# Exercise goal
Would you retype, word for word, the line with "进入游戏后根据提示掌握基本操" and each line after it to the end of the entries below, leaving the pictures out?

◇ ◇ ◇ ◇ ◇ ◇ ◇

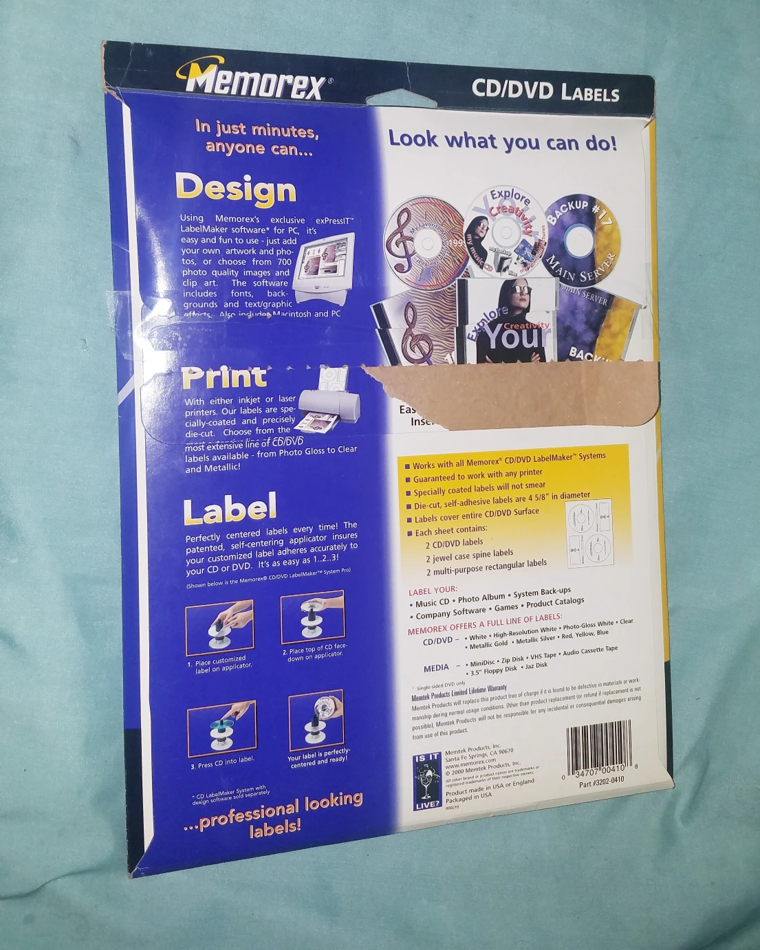 1 / 21 / 2Buy & Sell40 Memorex CD DVD Labels Sheets In Opened 100 White Label Pack40 Memorex CD DVD Labels Sheets In Opened 100 White Label Pack$1040 Sheets in an Opened 100 Sheet Pack No CD or Anything Else is Included Please See PicsConditionNewWHERE TO MEETStarbucksView MapSELLERverifiedRobMid Island761 review0 chats·0 favorites·2 viewsSEND CHAT TO SELLERHi Rob! I’m interested in your listing.Hi Rob! I’m interested in your listing.Get the Karrot app to chatSign In to chat
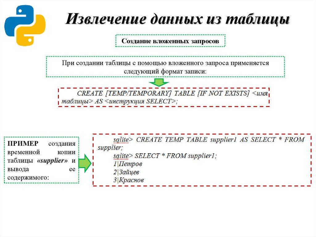 удалена. Пример создания временной таблицы «day», содержащей столбец
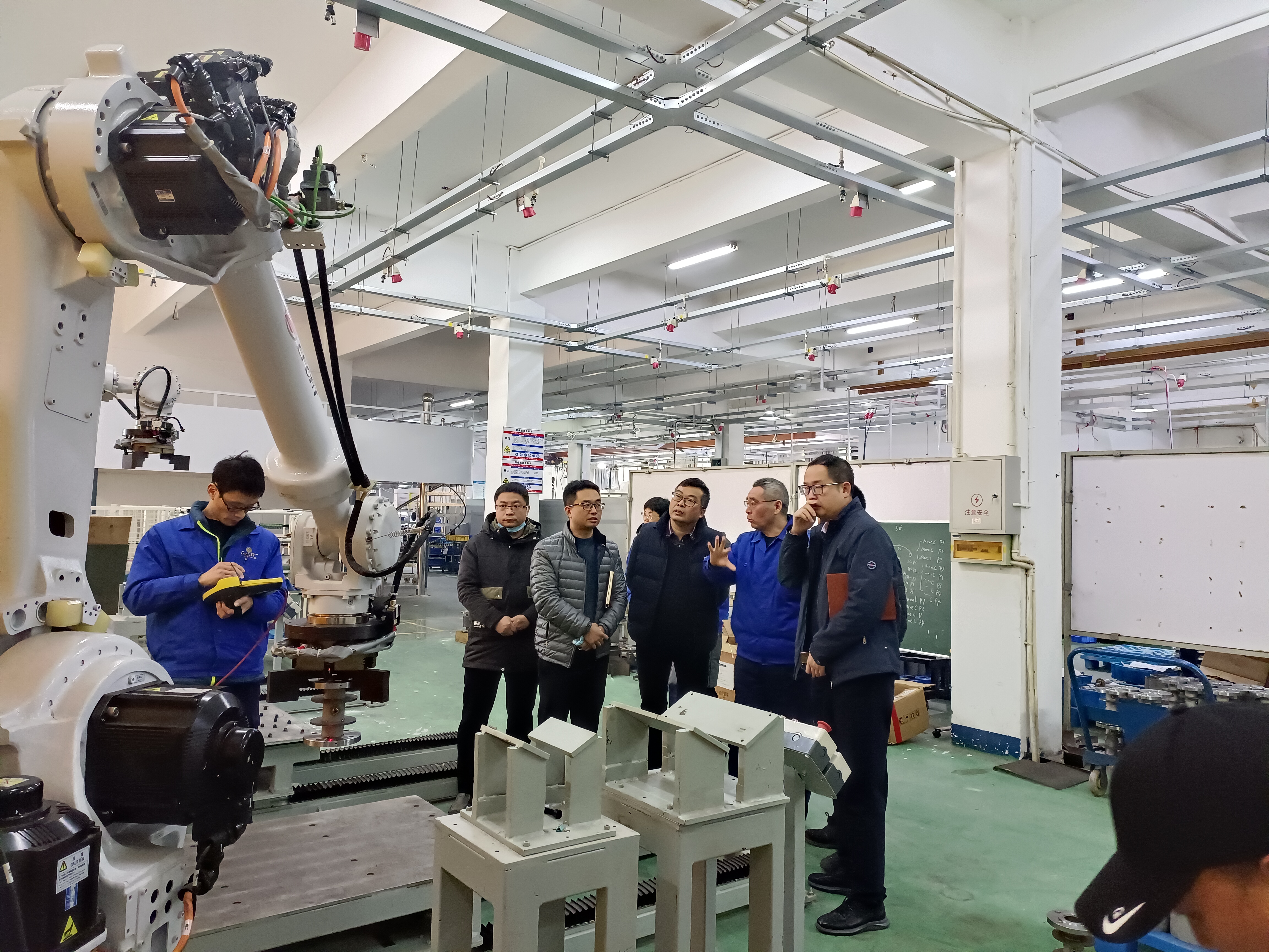 今日上午,義烏工商學(xué)院院長(cháng)攜機電信息學(xué)院領(lǐng)導、專(zhuān)家一行來(lái)訪(fǎng)我司,董事長(cháng)馮澤云及總經(jīng)理助理吳美清全程陪同客人參觀(guān)了研發(fā)中心、生產(chǎn)車(chē)間,馮董介紹了企業(yè)信息系統軟件開(kāi)發(fā)管理情況、數字化系統運行及以焊接機器人、智能立庫、AGV物流等智能制造設備設施的運行情況。
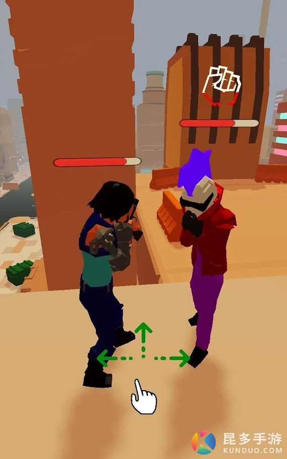 进入游戏后根据提示掌握基本操作模式,上下左右滑动屏幕,可以出拳出腿,和近身敌人搏斗。
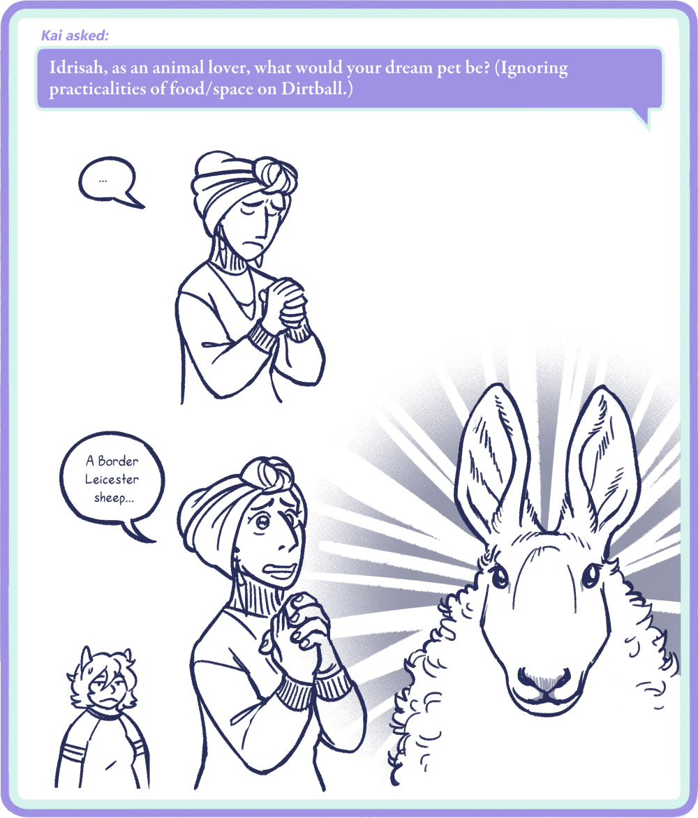 Kai asked: Idrisah, as an animal lover, what would your dream pet be? (Ignoring practicalities of food/space on Dirtball.)

◇ ◇ ◇ ◇ ◇ ◇ ◇

# Result of this exercise
 进入游戏后根据提示掌握基本操作模式,上下左右滑动屏幕,可以出拳出腿,和近身敌人搏斗。
 Kai asked: Idrisah, as an animal lover, what would your dream pet be? (Ignoring practicalities of food/space on Dirtball.)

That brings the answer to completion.